In its simplest terms, a change in entropy dS is equal to the heat transfer (dQ) / Temperature.
The fundamental constraint for the purpose of understating Earth’s climate is that the change in rate of entropy production (S) must be greater than or equal to zero. This is an expression of second law. Only in steady state will dS/dT ≈ 0.
Some people confuse this concept. For example, some argue that a cold object influencing the temperature of a warmer object is incompatible with second law.
What they are really arguing about is the rate of entropy production. In the context of climate, their arguments depend on the fluid thermodynamic climate systems of the Earth.
In terms of a ‘backradiation’ perturbation in the atmosphere, the backradiation itself is not the violation. The violation of second law is omitting the consequent change in entropy production.
The Earth system response to backradiation perturbation must be a positive increase in entropy production. This, then, must minimize the temperature change.
For example, a slight increase in moisture content may be sufficient to minimize temperature rise. This is an apparent paradox and poses interesting questions pertaining to the relevance of clausius clapeyron assumptions.

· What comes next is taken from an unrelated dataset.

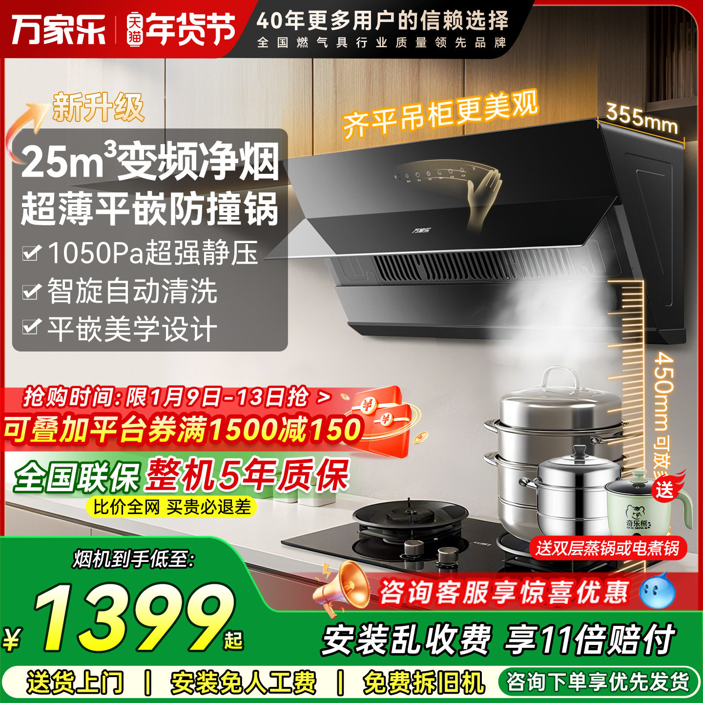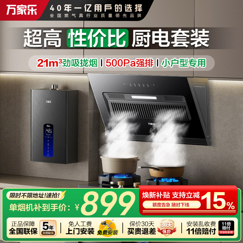 万家乐油烟机家用侧吸抽油烟机燃气灶套装厨房696小尺寸吸油烟机

What we’re really interesting in is total water suspended in air, vapour or not, to understand climates.
Some physics curricula and most engineering programs teach the concept of exergy, the inverse of entropy production, to aid understanding.
In the climate literature exergy has been called ‘available energy’ or ‘available enthalpy’.
Inversely, entropy is defined as the ‘available potential energy’, or ‘unavailable enthalpy’ i.e. ‘unavailable energy’.
The definitions are useful tools to allow application of second law in discussion of climates. Not least the interactions of radiations, mass, winds, and water in all its phases.
The material interacting dynamic systems will not remain static in response to a forcing. Coincident changes in the rates of dissipation, diffusion of heat and mass, and water phase changes must persist according to second law.
What is often omitted in discussion of climates is that both radiative process and material process are responsible for ‘energy availability’, or best described by ‘energy unavailability’, IMO.
The question is, how much is ‘temperature’ change minimized by the material response in the total system i.e. all dynamic interacting sub-systems.
The backradiation deniers should argue that S increases sufficiently as to offset any observable change in temperature of the Earth system, at whichever layer of interest.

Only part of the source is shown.